**EXERCISE**
Reproduce, word for word, the lines in the material below starting with the one that has "Floral Morado Pastel" and going on through the one that has "希少部位のランイチ使用で、赤". Leave out all pictures.

**RECORDS FOR THE EXERCISE**
*** Block opens ***

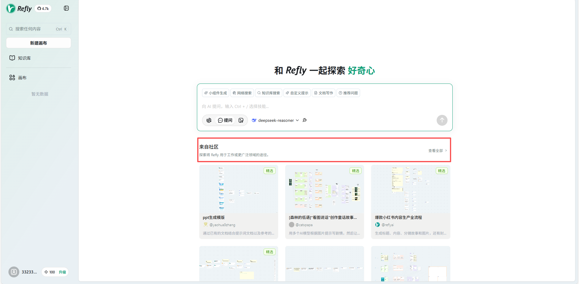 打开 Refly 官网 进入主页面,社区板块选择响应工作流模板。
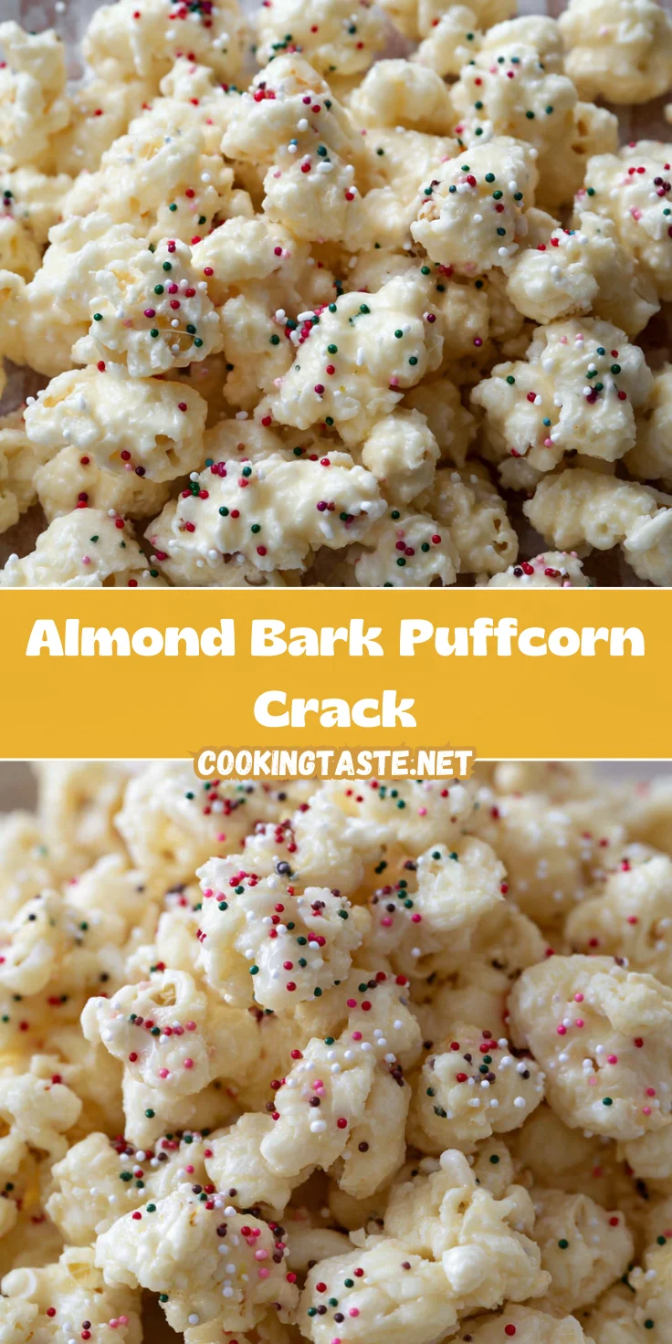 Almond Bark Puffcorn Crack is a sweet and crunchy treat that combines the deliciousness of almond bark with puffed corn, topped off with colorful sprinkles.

*** Block closes ***
*** Block opens ***

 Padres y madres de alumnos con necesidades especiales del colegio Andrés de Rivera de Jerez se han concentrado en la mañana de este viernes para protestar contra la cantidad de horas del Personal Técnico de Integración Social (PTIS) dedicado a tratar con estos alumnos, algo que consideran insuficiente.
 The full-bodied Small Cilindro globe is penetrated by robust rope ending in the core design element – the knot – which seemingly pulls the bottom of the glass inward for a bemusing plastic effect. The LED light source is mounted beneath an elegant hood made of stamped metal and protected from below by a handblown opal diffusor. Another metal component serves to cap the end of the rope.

*** Block closes ***
*** Block opens ***

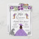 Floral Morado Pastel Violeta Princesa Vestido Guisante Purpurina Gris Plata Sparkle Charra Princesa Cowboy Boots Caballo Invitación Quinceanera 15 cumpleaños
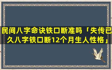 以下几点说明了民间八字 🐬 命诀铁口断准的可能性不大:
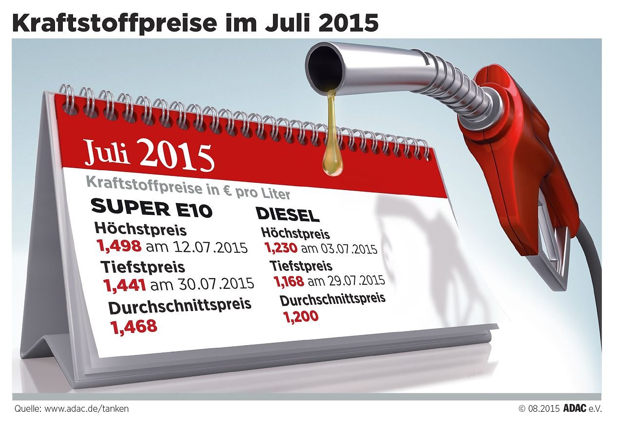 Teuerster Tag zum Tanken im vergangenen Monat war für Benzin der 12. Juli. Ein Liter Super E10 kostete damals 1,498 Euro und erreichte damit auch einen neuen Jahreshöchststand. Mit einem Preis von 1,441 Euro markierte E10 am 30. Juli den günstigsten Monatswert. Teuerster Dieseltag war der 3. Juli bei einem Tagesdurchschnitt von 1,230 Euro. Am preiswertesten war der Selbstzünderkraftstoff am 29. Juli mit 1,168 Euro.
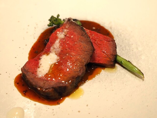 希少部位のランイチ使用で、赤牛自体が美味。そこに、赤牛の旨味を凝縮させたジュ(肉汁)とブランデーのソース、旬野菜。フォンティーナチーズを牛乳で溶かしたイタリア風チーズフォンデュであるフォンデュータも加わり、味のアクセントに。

*** Block closes ***

**OUTPUT BELOW**
 Floral Morado Pastel Violeta Princesa Vestido Guisante Purpurina Gris Plata Sparkle Charra Princesa Cowboy Boots Caballo Invitación Quinceanera 15 cumpleaños
 以下几点说明了民间八字 🐬 命诀铁口断准的可能性不大:
 Teuerster Tag zum Tanken im vergangenen Monat war für Benzin der 12. Juli. Ein Liter Super E10 kostete damals 1,498 Euro und erreichte damit auch einen neuen Jahreshöchststand. Mit einem Preis von 1,441 Euro markierte E10 am 30. Juli den günstigsten Monatswert. Teuerster Dieseltag war der 3. Juli bei einem Tagesdurchschnitt von 1,230 Euro. Am preiswertesten war der Selbstzünderkraftstoff am 29. Juli mit 1,168 Euro.
 希少部位のランイチ使用で、赤牛自体が美味。そこに、赤牛の旨味を凝縮させたジュ(肉汁)とブランデーのソース、旬野菜。フォンティーナチーズを牛乳で溶かしたイタリア風チーズフォンデュであるフォンデュータも加わり、味のアクセントに。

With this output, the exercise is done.